Последняя война Российской империи - Сергей Эдуардович Цветков
26 августа на фланги растянувшейся армии Самсонова обрушились переброшенные с севера германские корпуса Макензена, Франсуа и Фрица фон Белова. Русские войска, понеся большие потери, отступили в большом беспорядке. Особенно досталось правофланговому VI корпусу, чей растерявшийся командир генерал Александр Александрович Благовещенский бежал, бросив своих подчиненных. Впоследствии он объяснил свое позорное малодушие тем, что «не привык быть вместе с войсками». Оставшись без верховного руководства, части VI корпуса потянулись назад к границе, совершенно оголив русский центр. На противоположном крыле глава I корпуса генерал Леонид Константинович Артамонов тоже фактически самоустранился от управления войсками, хотя и другим, более эффектным способом: с винтовкой в руках он водил солдат в атаку, думая личным примером вдохнуть в них стойкость и мужество. Его храбрость не смогла заменить войскам отсутствие руководства. Между гордой телеграммой, в начале боя посланной Артамоновым в штаб 2-й армии: «Первый корпус стоит, как скала!», – и его же приказом начать отступление пролег всего один час.
Несмотря на тревожные известия с флангов, а также на отсутствие резерва, Самсонов решил не выходить из боя и сам сунул голову в петлю. Стоявшие в центре два корпуса (XIII-й и XV-й) получили от него указание прижать противника к Висле. По мнению Гинденбурга, это была храбрость обреченных: «Эти войска жаждали уже не победы, а самоуничтожения». Черчилль также отмечал странное ослепление Самсонова: «Естественным был бы приказ отступить. Но темный дух фатализма – характерно русского, – казалось, лишил сил обреченного командующего… лучше погибнуть, чем отступить. Завтра, может быть, поступят хорошие новости. Ужасающая психическая летаргия опустилась на генерала, и он приказал продолжать наступление».
У этого фатализма было имя: генерал Жилинский, который впоследствии скажет французскому военному атташе Лагишу: «История проклянет меня, но я отдал приказ двигаться вперед».

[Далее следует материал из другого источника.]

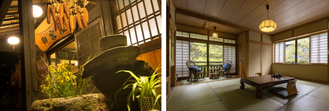 1722年創業の御客屋は歴史ある黒川温泉地区に位置し、黒川温泉からわずか100mと温泉好きにぴったりの宿泊施設です。畳敷きの客室や貸し切りも可能な7つの湯処が揃い、日本の古き良き伝統を追求した温もりのある空間が広がっています。また、「半農半宿」スタイルのこの施設では、自家農園で栽培された野菜や地元の食材をふんだんに使った料理を堪能することができます。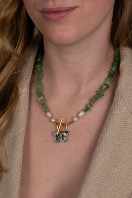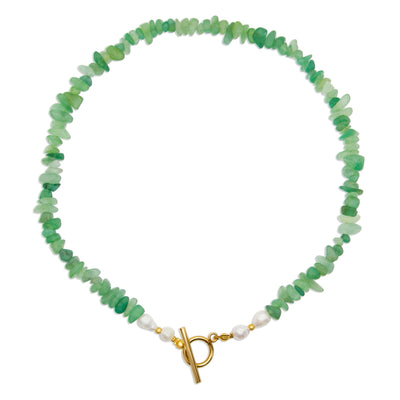 - Edelsteen, roestvrij staal en zoetwaterpareltjes.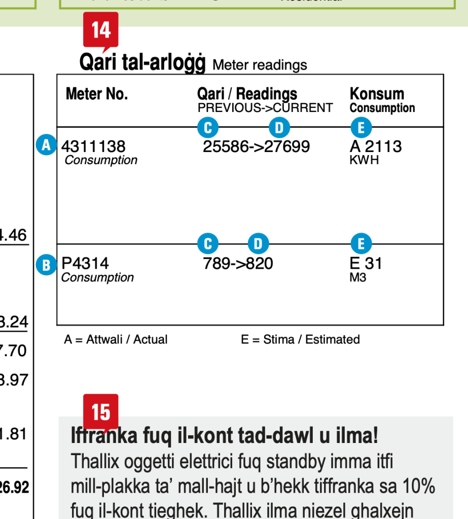 - E. Consumption which is calculated by subtracting (14.C) from (14.D). An A indicates an actual reading (either by the meter reader or through a smart meter). An E indicates an estimated reading.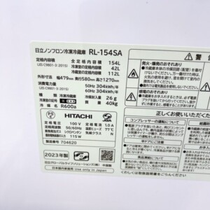 今回は廿日市市にお住まいの40代男性・会社員・夫婦世帯のお客様より、日立 ノンフロン冷凍冷蔵庫 RL-154SA(2023年製)を出張買取にてご依頼いただきました。
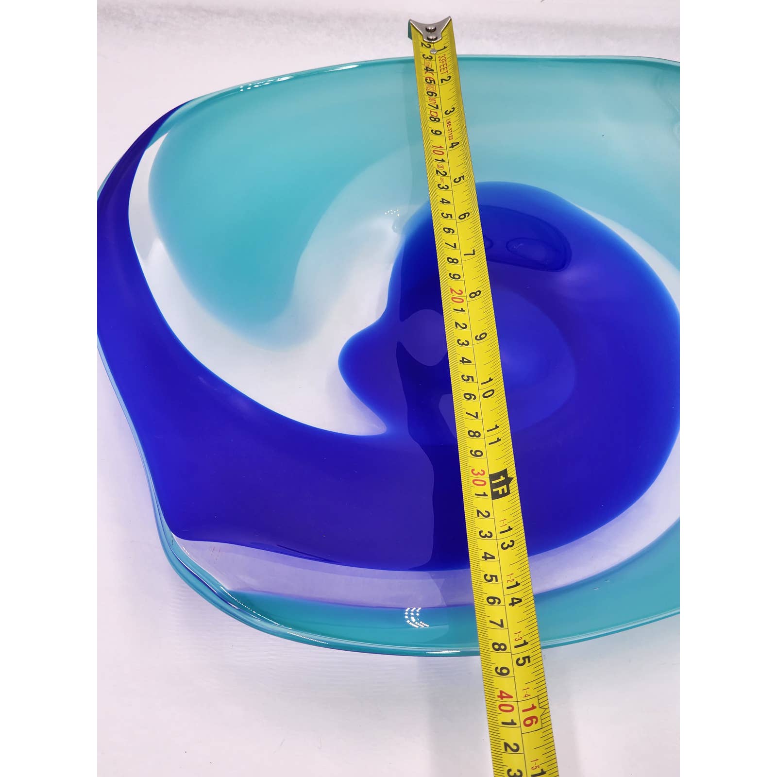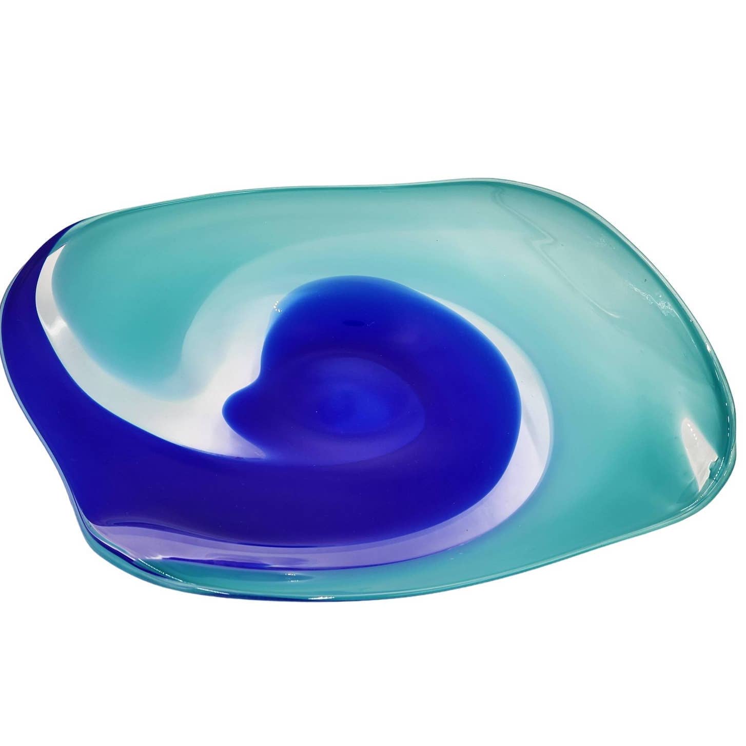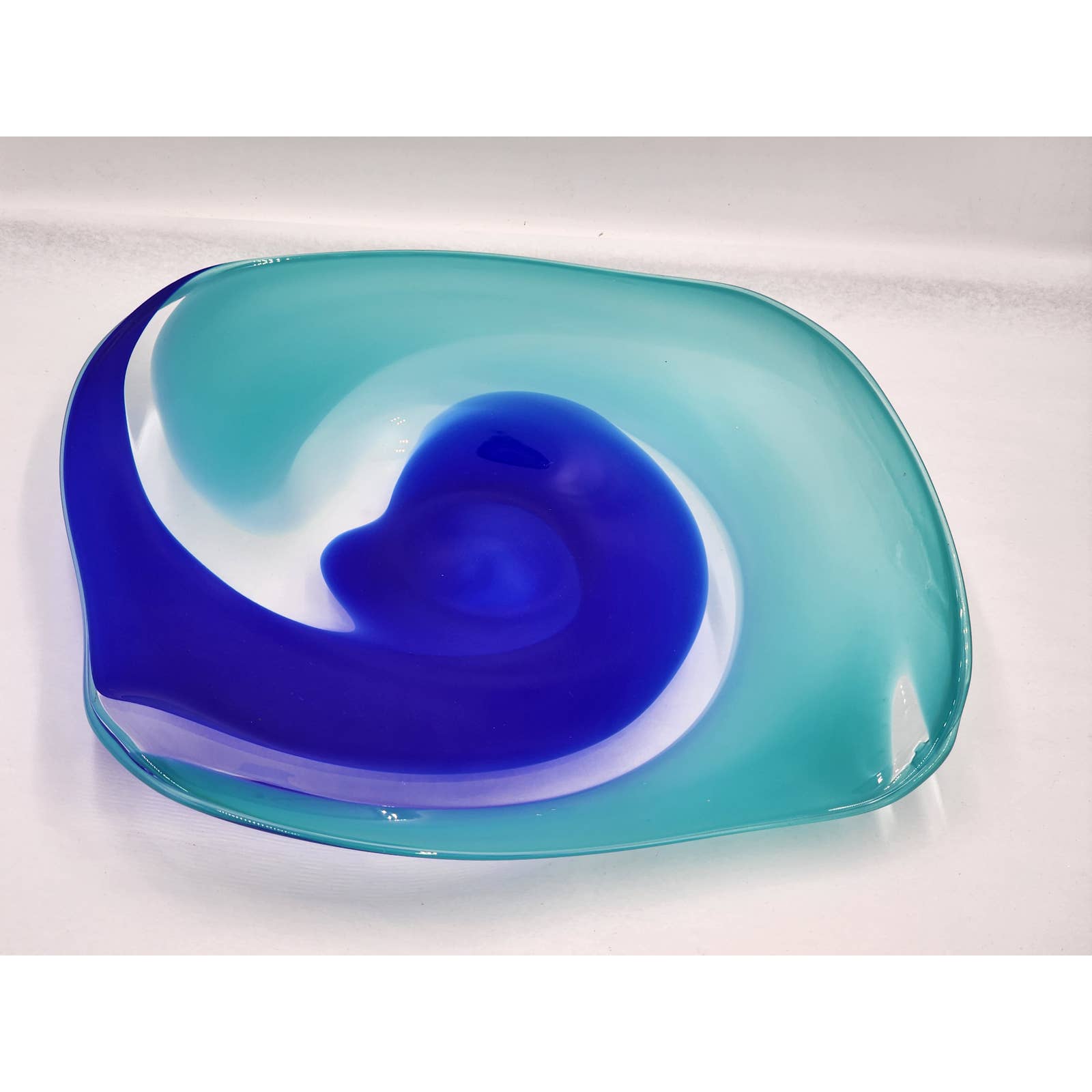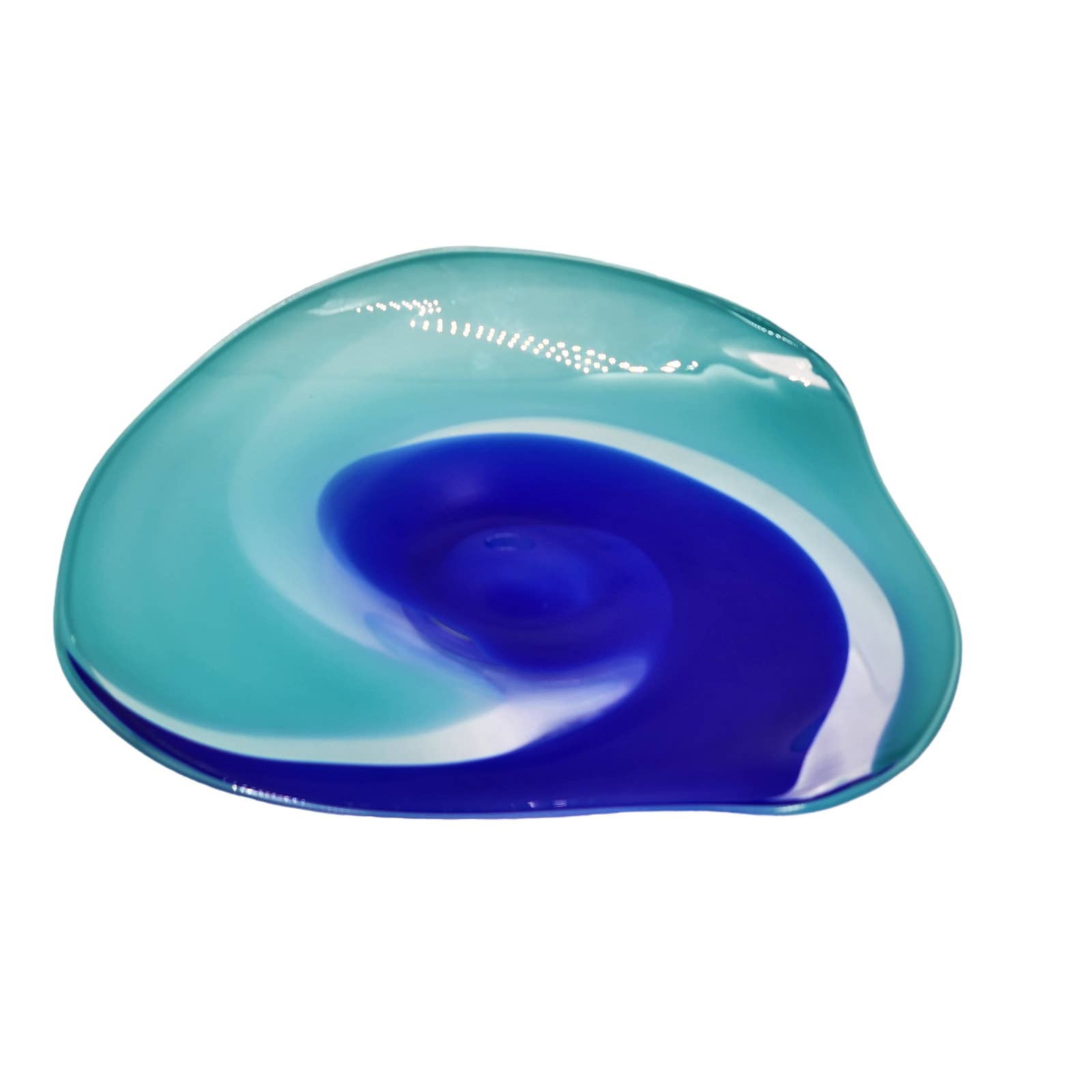 Martine Durand Gasselin Blue Turquoise Glass Centerpiece Wall Decor French Glassblower Artisan Glass Sculpture Vintage 14"

В течение последующих двух суток сражение полыхало по всему фронту. Русские так сильно напирали в центре, что поставили Людендорфа на грань нервного срыва. 28 августа начальник штаба 8-й армии приказал генералу Франсуа на правом крыле прекратить преследование I-го русского корпуса и повернуть на север – на помощь «измотанным» дивизиям германского центра. Этим маневром, по словам Людендорфа, тот оказал бы «самую большую услугу армии». Но упрямый Франсуа, потомок переселившихся в Германию гугенотов, обладал особой, незнакомой немецким офицерам смелостью, которая заключается в том, чтобы не выполнять приказаний начальства. Движимый инстинктом идущего по следу зверя, он пропустил распоряжение Людендорфа мимо ушей и продолжил движение на восток. Его непослушание было вознаграждено. Утром 29 августа корпус Франсуа встретился с авангардом Макензена, вышедшего в тыл русской армии с другой стороны. Вопреки ожиданиям немецкого Генерального штаба двойной охват («классические Канны») был осуществлен не на Западном, а на Восточном фронте.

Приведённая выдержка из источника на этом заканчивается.